In some companies, a business analyst takes part in strategic analysis: together with the top management, they make recommendations on the development strategy of the entire organization.


  • Knowledge of the industry, the business sector in which the company operates
  • Ability to work with large amounts of information
  • Information visualization skills and knowledge of relevant programs (MS Visio,, Google Data Studio, Power BI, Tableau, DataHero), standards (for example, UML) and notations (BPMN, IDEF0)
  • Knowledge and experience in applying methodologies for collecting requirements, such as questionnaires, surveys, brainstorming, analysis of public data and competitors
  • Effective communication (ability to ask the right questions and actively listen, highlight essential information in the dialogue)
  • Mastery of software for managing documentation, projects, and processes (a popular one is Confluence)
  • Effective problem-solving skills
  • Critical thinking.


INDIGO Tech Recruiters often answer our clients ' questions about BAs , so we decided to share the most requested information here. If you need more information, please contact us.

1. What is the difference between a business analyst and a project manager?
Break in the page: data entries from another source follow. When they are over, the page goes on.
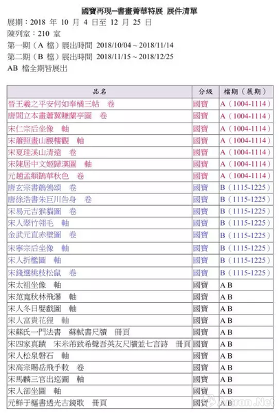 但在这些“国宝”中,也有些微的差别,一些“国宝”可能经常会和大家见面,但另外一些作品由于文物?;?、历史价值等原因,只能隔段时间才能与观众见一次面,这类“国宝”被称为限展国宝,就如以上展览清单中分别在A期限展的七件国宝和B期限展的八件国宝,就都属于珍贵的“限展国宝”级别。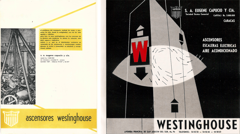 La comercialización en Venezuela de los productos destinados a la industria de la construcción elaborados por la empresa Westinghouse Electric Company LLC (anteriormente conocida como Westinghouse Electric Corporation), estuvo durante los años 1950 a cargo de la S.A. Eugene Capucio y Cía, Sociedad Técnica Comercial (SOTECO C.A.), ubicada inicialmente entre las esquinas de San Francisco y Sociedad del centro de Caracas y posteriormente en la avenida principal de San Agustín del Sur, anunciante desde su primer número de la que fue la primera revista de arquitectura producida en el país (1954): A, hombre y expresión, de cuyo número 2 proviene la imagen de nuestra postal del día de hoy.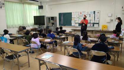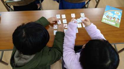 2人にアルファベットカードを配り、ランダムに5枚選び、スヌーキー先生が選ぶカードと同じものが何枚あるかを競い合っています。あった時は、「Yes, I

Both BAs and project managers are responsible for communicating with the customer and the team and solving problems. Both specialists are called intermediaries between the customer and the team. However, unlike a project manager , a business analyst does not manage the development team. The BA can determine what needs to be done, and the project manager decides exactly how to achieve the result and is responsible for achieving it. The business analyst doesn't plan the project progress and product functionality and does not launch the product. A BA is an expert in analytics. A PM does not necessarily have a deep understanding of the tools and methods of analytics. Also, due to many other responsibilities, they may not be able to spend enough time collecting information and conducting detailed analysis.
A Business Analyst doesn't have to know programming languages. To work in IT, of course, they need to understand the principles of information systems and its terminology. Technical education is not required, but it’s very desirable. It's much easier for a technical specialist who works as a BA to communicate with the development team, and to explain business requirements in their language. On the other hand, many people move into this profession from positions closely related to business processes. Such specialists have the advantage of understanding the business from the inside. They can improve their technical skills as time goes by.
A Data Analyst is usually a mathematician with programming skills who collects, processes, studies, interprets, and visualizes data, often used in interpreting Big Data. A BA uses data to develop solutions, and to communicate with customers and the team.
A Business Analyst’s primary tasks are collecting requirements and creating specifications. Her presence significantly reduces the risk of misunderstandings between the customer and the team. There's always work for a business analysis on a project: you need to find out what the customer wants, formulate it into specific requirements and document them , and develop solutions. If there are no Business Analysts in a company, these tasks are performed by someone else, perhaps a Project Manager. However, a BA can perform these tasks more efficiently.